POTTER,David M.
専門
私の専門は「政治学」です(主専門比較政治、副専門国際政治、アメリカ政治)。それまで一貫として「開発援助」ODAと「非政府組織」NPO・NGOを中心に研究を行ってきました。特に、日本のODA政策とアジアNGOの発達そして国際社会における政府と市民社会の役割について研究を続けいます。
研究を始めたきっかけ
研究を志したきっかけは高校時代の宮城県での交換留学です。ホームスティ―を通して国際交流の関心を持ち、将来外交官を志すようになりました。その後、大学院の時、開発途上国(今でいうグローバルサウス)の開発課題に関心が着目し、日本のODA政策の研究に取り組みました。そして、日本でフィールドワークをやっている時に、「NGO」が話題になり、ODAとどのような連携ができるか、という点に着目しました。その結果、現在の研究テーマへと発展しました。
研究の学術的意義
「アメリカ研究」から見れば、私の研究テーマ、すなわちODAとNGO、特に日本のODAとアジアのNGOは対象外と思われます。ただし、今でいうODAは戦後トルーマン政権が工夫した対外援助政策から始め、後先進諸国の外交・開発政策として拡張しました。また、世界のNGO・NPOの研究は大きくアメリカのNGOの研究に影響を受けています。従って、私がやっている研究は周辺から見たパクスアメリカナが構築した国際秩序の政策研究だと考えています。
研究の社会的意義
まず、ODA政策は国の予算構成において政策方針が具体策に変わります。つまり、市民から集めた税金をどのように使い、政策のプライオリティーはどの辺にあるかの議論です。特にODAの場合、そこから出る国内外利害関係の調整の問題は国によってどう解決するか、先進国市民の税金と被援助国の開発にどのように影響するかが重要な点だと思います。

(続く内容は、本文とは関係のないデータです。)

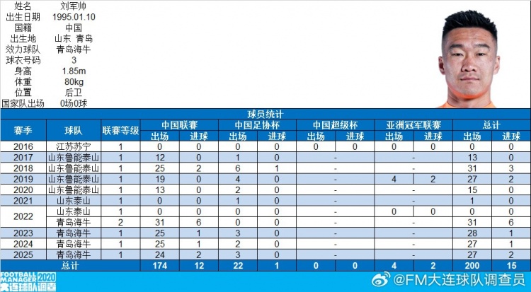 10月18日讯 据博主“FM大连球队调查员”统计,昨天青岛海牛3-4不敌海港的比赛,青岛海牛队球员刘军帅完成了代表中国俱乐部各项职业赛事出场200场里程碑。
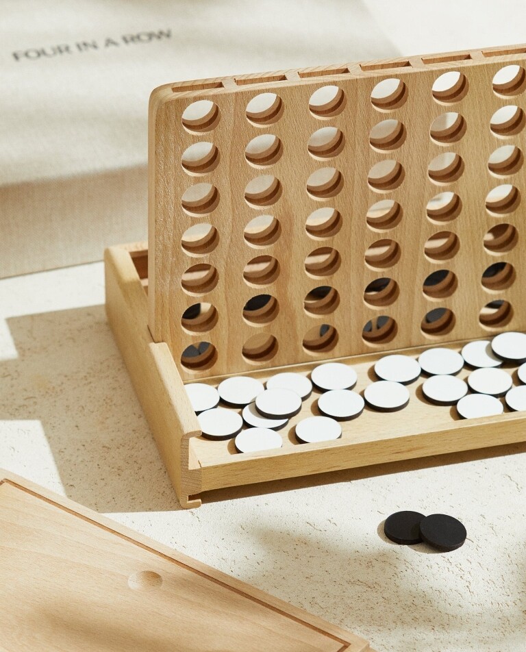 Juego cruzado cruzadotambién existe en una versión más pequeña. Además de las figuras de madera, también contiene una bolsa de algodón para guardar y transportar las piezas. juego de dominó está fabricado en madera de haya en un estuche de lona. El juego de cartas de póquer con motivos florales fue creado en colaboración con la marca española Heraclio Fournier, un fabricante de cartas de fama mundial. Los precios de los juegos de mesa van desde los 39 euros hasta los 219 euros.
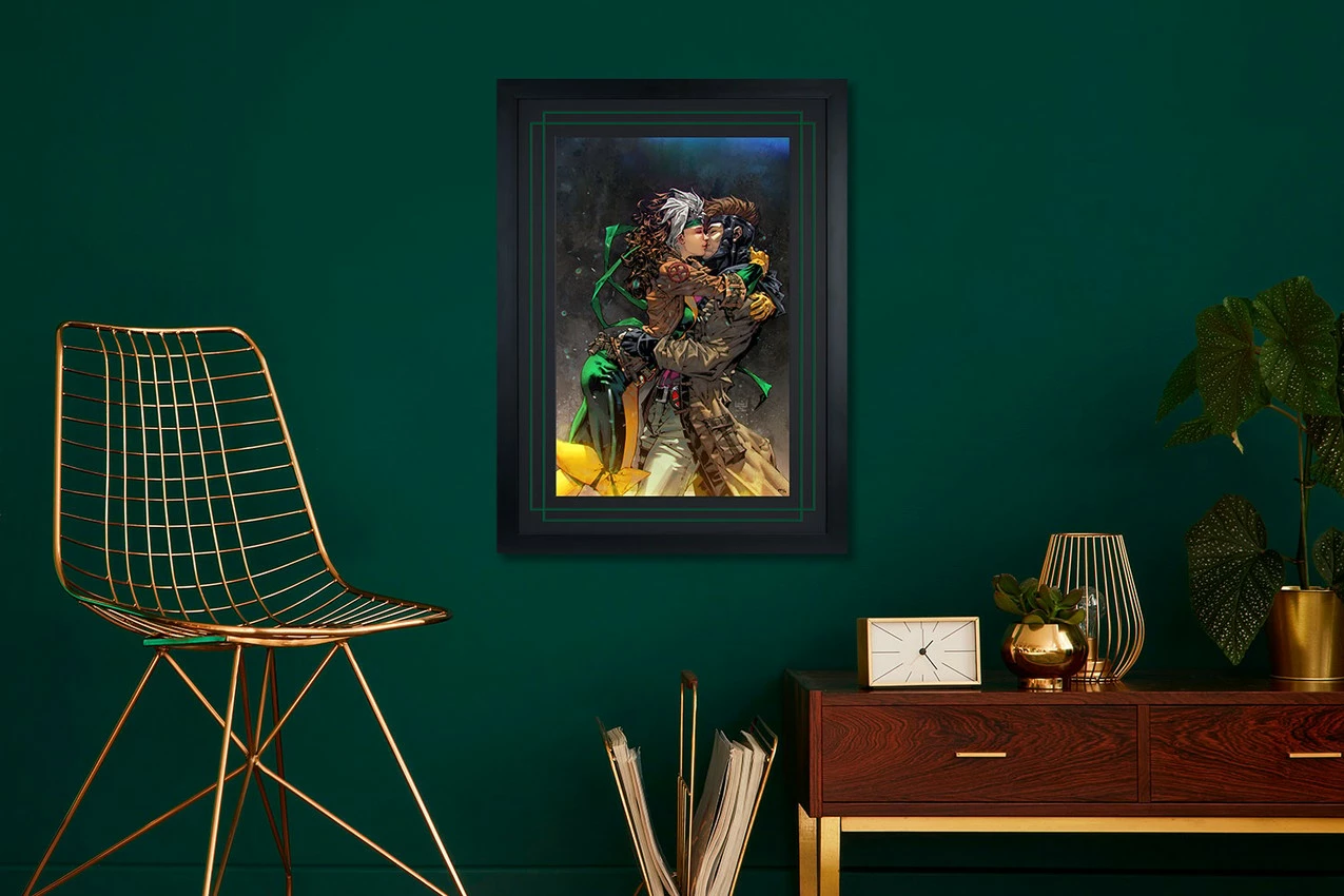 Originally created as a variant cover for X-Men #16 (2021), written by Gerry Duggan for Marvel Comics, this comic book artwork is available for collectors in a numbered edition of only 50 pieces. Each Rogue & Gambit HD Aluminum Metal Art Print has a glossy surface that is durable, scratch-resistant, and easy to clean. The piece comes professionally finished in a matte black floating wood frame with wire hanger for ease of display, meaning X-Men fans won’t want to miss a chance to bring home this Marvel artwork celebrating one of the most beloved couples in comics.
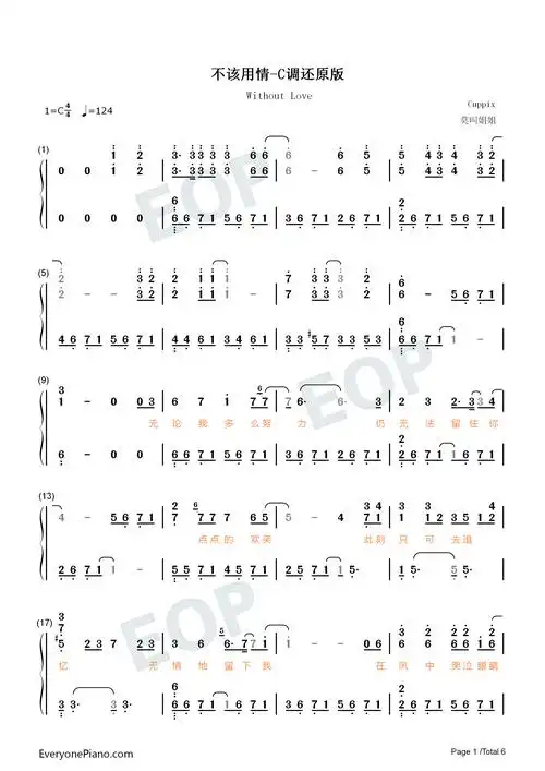 不该用情钢琴简谱-莫叫姐姐演唱1

NGOの場合、過去30年間広く社会活動をしていますが、それに伴って、政府の社会経済保障の役割が緩和しつつある状態です。こうした状態では、政府の社会保障のあり方、市民社会による社会保障のあり方はどの辺にあるか、官民のバランスをどのように取るかという問題は社会、時代によって異なります。
将来の研究の展望
近年は、アメリカ、カナダへ交換留学を経験したゼミ生との研究活動をきっかけに、NGOの重要な活動分野であるフードバンクに関心を深めました。2022年からはアメリカを中心にフードバンクの調査・研究を発展させていただく予定です。国際協力。社会福祉そして市民社会の役割を多角的な視点から研究し、その成果を教育や社会に環元することを目指しています。